Hanya, pemerintah selalu kedodoran ketika rencana yang dibuatnya
diimplementasikan di lapangan. Keinginan pemerintah untuk menjadikan peserta
didik menjadi berkualitas sebenarnya bagus dan harus didukung. Kendati
demikian, apakah RSBI merupakan sebuah solusi untuk mencapai tujuan tersebut?
Realitas pendidikan tidak berada di gedung-gedung ber-AC di mana kebijakan ini
dibuat atau menjadi milik peserta didik yang ada di kotakota besar.

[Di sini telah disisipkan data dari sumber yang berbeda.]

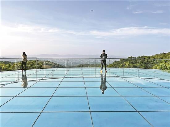 游客在广州山谷国际旅游度假区“天空之镜”打卡

Pendidikan yang sebenarnya berada di pegunungan,
di pantai, di pedalaman, dan di daerah-daerah yang selama ini tidak mampu
mengakses informasi sebagaimana dilakukan oleh mereka yang tinggal di kota-kota
besar. Meminjam istilah Joseph Stiglitz, kebijakan yang disusun di Jakarta
tersebut seperti sebuah bom yang dijatuhkan dari ketinggian 5000 kaki di mana
Kemendikbud yang berkedudukan di Jakarta seringkali abai atau berpura-pura
tidak tahu dengan kondisi di lapangan saat kebijakan itu diimplementasikan.
Cacat
Bawaan
RSBI sudah sejak kelahirannya memiliki banyak
persoalan. Pertama, RSBI tidak memiliki dasar filosofis dan strategi
kebudayaan. Tidak ada kejelasan ke arah mana sebenarnya peserta didik ini mau
dibawa. Pejabat-pejabat terkait sering memberikan jawaban yang sifatnya
normatif, sebagai akibatnya program ini hanya memenuhi kebutuhan jangka pendek
dan bersifat pragmatis atau yang lebih ekstrem, memenuhi keinginan kelompok
tertentu yang memiliki kewenangan dalam pembuatan kebijakan.
Kedua, RSBI merupakan upaya untuk
mengomersialisasikan pendidikan karena RSBI yang nanti berhasil menjadi SBI tak
ada bedanya dengan sekolah swasta. Jika sudah menjadi sekolah SBI, mereka tidak
lagi mendapat bantuan dari pemerintah dan memiliki kebebasan untuk memungut
biaya dari masyarakat, dan yang terjadi adalah komersialisasi pendidikan dan
hal ini terlihat bahwa secara sistematis pemerintah akan membawa pendidikan
pada mekanisme pasar.
Ketiga, pemerintah tidak menyadari bahwa saat
ini yang terjadi di dunia pendidikan adalah krisis di dalam kelas, di mana
terlalu banyak hal yang tidak pernah dipertanyakan dan diuji kebenarannya
karena siswa,apa pun model pendidikannya, hanya disuruh menghafal sebagaimana
terjadi pada masa lalu. Mengapa hal ini bisa terjadi? Persoalannya terletak
pada kualitas guru yang tidak pernah dibekali filosofi pendidikan tertentu juga
pelatihan yang memadai ketika menjadi guru.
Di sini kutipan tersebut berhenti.